Hi,

In this line in the.word_language_model example, the validation loss is multiplied by `len(data)`

```
total_loss += len(data) * criterion(output, targets).item()
return total_loss / (len(data_source) - 1)
```

Two questions,

- Why is the loss multiplied by the
`len(data)`

i.e. the number of tokens in the batch? Especially considering that the training loss is not multiplied by this factor
- Why is the total_loss eventually divided by
`len(data_source) - 1`

and not just `len(data_source)`

? Why is `-1`

necessary here since we aim to get the # of batches in total?

Any help will be greatly appreciated. And thanks for these examples in the first place - really have made the transition to pytorch smoother.

Best,

The reason for these two are inter-connected.

If you see in the for loop: `for i in range(0, data_source.size(0) - 1, args.bptt):`

, the loop goes for length - 1 times.

Think of a situation where one batch is NOT full. So, for `args.bptt`

= 32, say we have just 17 examples in one batch. In that case, when we multiply all the batches by their len, it allows us to normalize the loss values. Hence, all the other batches will be multiplied by 32 and one batch will be multiplied by 17. Finally, we divide the total loss by `(len(data_source) - 1)`

to get average loss. Note, training loss doesn’t have any of it.

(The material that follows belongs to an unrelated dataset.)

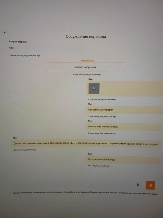 Добрый вечерочек. Хотел пополнить покердом через СБП но получилось какое-то кидалово. Оплатил все согласно таймингу и сумму какую была указана. Оплата прошла успешно.

Thanks for the detailed reply Abhilash.

Your example makes sense. Then, a follow up question is why the training loss isn’t multiply by `len(data)`

while validation loss is?

Is there some relevant theoretical background underlying word language models that I’m missing?

There’s no underlying theoretical background that you are missing. You can do the same for the training loss and get similar results.